Why is that black wire not connected?


----------



## sadears (Nov 19, 2011)

Don't know why the black wire was not connected.  Wonder if it slipped out. Considering the stuff I've discovered in the last 8 year anything is possible.  

I have a little tester that you put into the outlet. It's for a GFI outlet. Supposed to tell if the outlet is wired correctly. When I insert it and puthe little button, it trips the other GFI outlet.

The guy at Lowe's said I should replace one of the GFI's  with a regular outlet. I replaced the GFI on the right with a GFI, thinking it was bad one...because tester made the other one trip it.  So I was going to replace the GFI on the left with the regular one. 

However...after looking at them now I wonder if the one on the right should be replaced with a regular. Looks like the outlet on the left has other stuff running into it and should be the GFI. The one on the right leads me to believe it runs into the GFI on the left.

May replace GFI on left with the one I had bought for the right outlet. Then replace the right with a regular outlet. And insert the little lost black wire where it probably belongs.


----------



## joecaption (Nov 19, 2011)

That black wire was suppost to be attached under the metal clip that gets tightened down with the screw.
Without it attached or it was even loose it will trip the GFI.
http://www.naturalhandyman.com/iip/infelectrical/infgfi.html


----------



## sadears (Nov 19, 2011)

ok. so why do you suppose the GFI on the right was installed.
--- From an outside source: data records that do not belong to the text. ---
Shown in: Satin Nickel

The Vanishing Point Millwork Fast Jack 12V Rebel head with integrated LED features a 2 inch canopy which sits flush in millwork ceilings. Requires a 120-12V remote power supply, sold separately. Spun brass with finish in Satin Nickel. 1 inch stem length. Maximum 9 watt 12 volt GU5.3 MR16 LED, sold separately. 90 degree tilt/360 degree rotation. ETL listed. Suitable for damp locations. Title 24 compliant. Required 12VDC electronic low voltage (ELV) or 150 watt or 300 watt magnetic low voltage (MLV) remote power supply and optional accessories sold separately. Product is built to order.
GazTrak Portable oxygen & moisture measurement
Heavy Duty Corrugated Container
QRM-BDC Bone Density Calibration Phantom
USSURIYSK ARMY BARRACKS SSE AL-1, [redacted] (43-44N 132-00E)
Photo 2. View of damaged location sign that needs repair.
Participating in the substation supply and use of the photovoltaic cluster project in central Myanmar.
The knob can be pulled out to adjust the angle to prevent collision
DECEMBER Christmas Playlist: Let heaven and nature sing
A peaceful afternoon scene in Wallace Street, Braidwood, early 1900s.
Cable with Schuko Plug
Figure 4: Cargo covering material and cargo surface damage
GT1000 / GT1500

Doesn't look like it does anything.


----------



## joecaption (Nov 20, 2011)

If there's only 1 black, 1, white and a ground then it does not do anything except act as a receptical.
You can just replace it with a reguler outlet.
For it to do anything there would have been another set of wires connected to the bottom set of terminals. One side of the GFI says load and the other one says line. The incoming power goes to the load side and any outlets down line that need protecting would go on the line side.


----------



## JTGP (Nov 22, 2011)

Problem solved?


----------



## JoeD (Nov 22, 2011)

Tell us how so the next person reading this post with a similar problem can be helped.


----------



## sadears (Nov 26, 2011)

I connected the black wire, then replaced the GFI with three wires with a regular outlet. Unfortunately, the other outlets upstairs still don't work.


----------



## JTGP (Nov 26, 2011)

pictures of other outlet not working? is it a GFCI? Where is it located?


----------



## sadears (Nov 26, 2011)

The second GFI (right next to the other GFI) I replaced with a regular outlet. I couldn't see the reason for two GFIs. Still, what started all this is that I have four outlets upstairs (2 in the master bath, one in a spre bath, one outside) that don't work.


----------



## sadears (Nov 29, 2011)

Apparently, there is a THIRD GFI in the garage. Just now noticed it. The garden lights and sprinkler system are plugged in. I think it was tripped. A yellow light was on. I pushed the reset button and it went out.  I put the plug-in tester in and it tripped. Pressed the reset button so the light would go out and pressed the test button on the tester. It tripped it again.  Going to replace it. Will let you all know...


----------



## JoeD (Nov 29, 2011)

Before you replace it disconnect the garden lights and the sprinkler. One of them could be faulty.


----------



## sadears (Nov 29, 2011)

I did. When I tested the outlet with the tester.


----------